10 Common SQL Programming Mistakes and How to Avoid Them

Image for 10 Common SQL Programming Mistakes and How to Avoid Them
SQL (structured query language) is a simple language, but it’s not so simple when you’re working with data sets that contain millions of records. When you work with mid- to large-size tables, writing top-performing SQL statements is a priority. Before you sit down to write your SQL statements for any platform—Oracle, SQL Server, MySQL, or any others—here are the top 10 common SQL programming mistakes to avoid.

1. Forgotten Primary Keys

Every table requires a primary key for performance. If you don’t have a primary key in any table, your tables don’t follow standard SQL requirements and performance suffers. Primary keys are automatically set as clustered indexes, which speeds up queries. They are always unique, so you can use an auto-incremented numeric value if you have no other column in the table that meets the unique requirement.

Primary keys are your first step to relational databases. They link to foreign keys in relational tables. For instance, if you have a table that has a list of customers, the “CustomerId” column would be unique to every customer. This could be your primary key column. Your CustomerId value would then be placed in the Orders table to link the two tables together. Always use a primary key in every table you create regardless of its size.

2. Poorly Managed Data Redundancy

Data redundancy is good for backups but not for table data. Each table should contain a unique data set that doesn’t repeat data in other table locations. This is one of the more difficult ideas for a new SQL developer to follow. It’s very easy to forget normalization rules and repeat data across multiple tables for conveniences, but it’s not necessary and represents poor table design.

For instance, suppose you have a customer table that contains the customer’s address. Since the address relates to the customer, it’s in the proper location. You then create an “Order” table and add the customer’s address in the Order table. This type of data redundancy is poorly designed. The Customer and Order table can link together using relationships across primary and foreign keys. What happens when you forget to update the customer’s address in the Order table? The result is that you now have two addresses for the customer and you don’t know which one is accurate.

Bottom line: Always keep data in one location and use relationships between primary and foreign keys to query the data.

3. Avoid NOT IN or IN and Use JOIN Instead

NOT IN and IN statements are not well optimized. They are convenient, but usually they can be replaced by a simple JOIN statement. Take a look at a sample query.

SELECT *FROM Customer
WHERE NOT IN (SELECT CustomerId FROM Order)

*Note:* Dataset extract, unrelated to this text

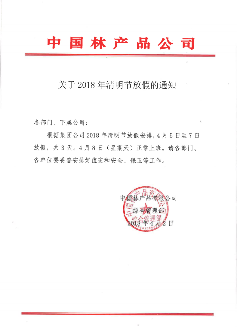 关于2018年清明节放假的通知

In the statement above, the data set returned is all customers that don’t have an order. In this statement, the SQL database grabs all orders from the Order table and then filters out the record set based on the main outer query on the Customer table. If you have millions of orders, this is an extremely slow query.

The alternative, better performing option is the following.

SELECT *FROM Customer c
LEFT JOIN Order o on c.CustomerId = o.CustomerId
WHERE o.CustomerId IS NULL

This LEFT JOIN statement returns the same data set as the previous statement, but it’s much more optimized. It joins two tables on a primary and foreign key, which improves the speed of the query and avoids the NOT IN and IN clauses.

4. Forgotten NULL vs. Empty String Values

The NULL vs. empty string debate between database administrators has been ongoing for decades. You can choose to use NULL values when no value is present or you can use actual literal values such as zero-length strings or 0 integer values. What you use in the database should be uniform across all tables or queries can get messy. Remember that NULL values aren’t the same as, for instance, a zero-length string, so your queries must account for these values if there is no standard in your table design.

When you determine what you want to use, make sure your queries account for these values. For instance, if you allow NULLs for a user’s last name, you must query using the NULL filter (either NOT NULL or IS NULL) in your clauses to include or exclude these records.

5. The Asterisk Character in SELECT Statements

Always define the columns you want to return in your queries. This standard is for performance and security reasons. Take the following query, for example.

SELECT * FROM Customer

The query returns all customer values including any sensitive data you might keep in the table. What if you keep the customer’s password or social security number in the table? Hopefully, these values are encrypted, but even having the hashed value can help hackers. It’s also a performance issue if you have dozens of columns in the table.

Instead of the above query, always define each column. The following statement is an example.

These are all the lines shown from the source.